COFFEE BREAK - A Chance to Visit the Exhibits

9:45 a.m. - 10:30 a.m.

Track A - Innovation: Makerspace & Digital Trends

Makerspace, Fab Labs, and creative making are hot activities for libraries. Hear from a number of libraries active in this arena during the first half of the day. Then learn about digital books in 3D and virtual exhibits as well as implications for wearable tech!

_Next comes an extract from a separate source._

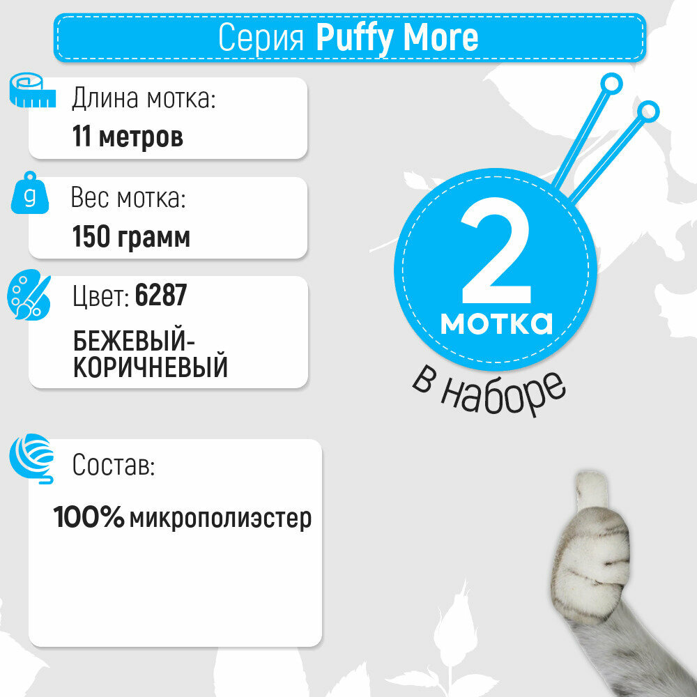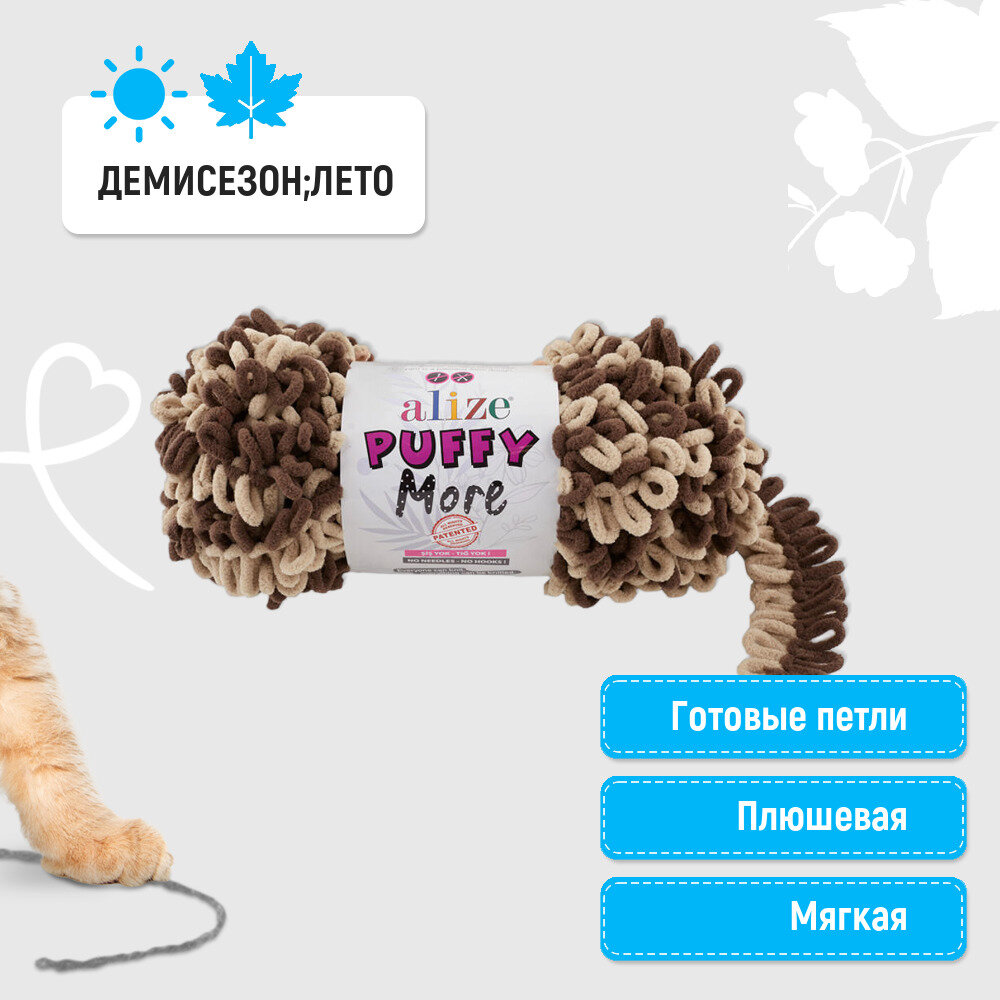 Пряжа Alize Puffy More экрю-табачный (6264), 100%микрополиэстер, 11.5м, 150г, 2шт

Moderator: Matthew Hamilton, IT Manager, Denver Public Library

A301 - Making Libraries, Making Makers

10:30 a.m. - 11:15 a.m.
CJ Lynce, TechCentral Manager, Cleveland Public Library

This jammed-packed session shares many ideas and tools you can use to introduce maker services to your library, both virtual and physical, on any sized budget. Learn how TechCentral at CPL is “making makers” from the ground up by incorporating a variety of creative and hands-on services aimed at everyone from children to retirees. Discover ideas for low- or no-cost maker programs such as Create Your Own Font, Make a Tough Wallet Out of a Mail Envelope, and Learn to Code. Also, find out what it took to create MakerSpace at TechCentral, featuring a laser engraver, vinyl cutter, 3D printer, photo/ video/music production, and how your library can create a dedicated “make” space that fits community demands and funding resources.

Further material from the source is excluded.